Alan Weimer
University of Colorado, Boulder
ESI 2017 Quad Chart Alan Weimer
Nuclear thermal propulsion (NTP) offers twice the specific impulse of the best chemical combustion engines and can thus halve space mission transit times to allow further exploration and understanding of the universe to become feasible NASA missions. The large specific impulses achieved are due to the ejection of light hydrogen gas at high temperatures sustained by the nuclear fuel elements. One of the most significant challenges in implementing this technology however is producing engines where both the fissionable and containment materials resist hydrogen embrittlement at operating conditions (~2700 K). Currently, ceramic-metallic (CERMET) fuel is used, which embeds chemical vapor deposition (CVD) coated fissionable material in a tungsten matrix. These porous CVD films require microscale thicknesses to begin extending engine lifetimes yet still do not reach the required protection levels. We propose to use atomic layer deposition (ALD) of a chemically-bonded barrier film as a nuclear fuel coating to prevent the reaction of CERMET fuel with the hydrogen propellant.
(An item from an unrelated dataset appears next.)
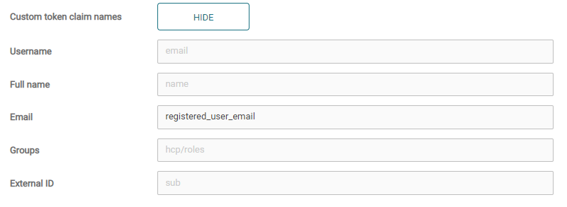 For example, if the Auth0 provider is returning email value in its token claims (named registered_user_email), you can input registered_user_email into the email field, and upon successful login, the email from the custom token claim will be stored under the email user attribute.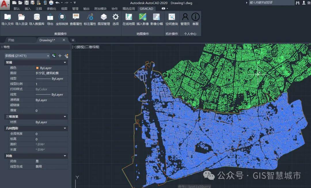 借助GIS4CAD插件,可以在AutoCAD中像ArcGIS一样对图形数据进行空间查询,通过图层间的相交或包含关系,可以根据条件将符合要求的图形快速选中。这样可以快速筛选出符合特定空间位置条件的图形元素,显著提升CAD数据处理的效率和精度。

The coating will be designed to resist hydrogen reaction, adsorption, and diffusion, thereby protecting the underlying fissionable uranium fuel material from both chemical redox and reaction which causes embrittlement and fuel loss. The protective, pinhole-free, nanoscale coating will also have a high melting point, thermal conductivity, neutron transparency, and resist both delamination and thermal fatigue caused by thermal expansion mismatch during temperature ramps. ALD utilizes successive self-limiting reactions to offer exquisitely tunable film thicknesses. This attribute will reduce fissionable fuel volume displacement by depositing the thinnest films possible that still resist hydrogen diffusion and mechanical stresses. Both computation and experiment will be used to design and test the best coating materials.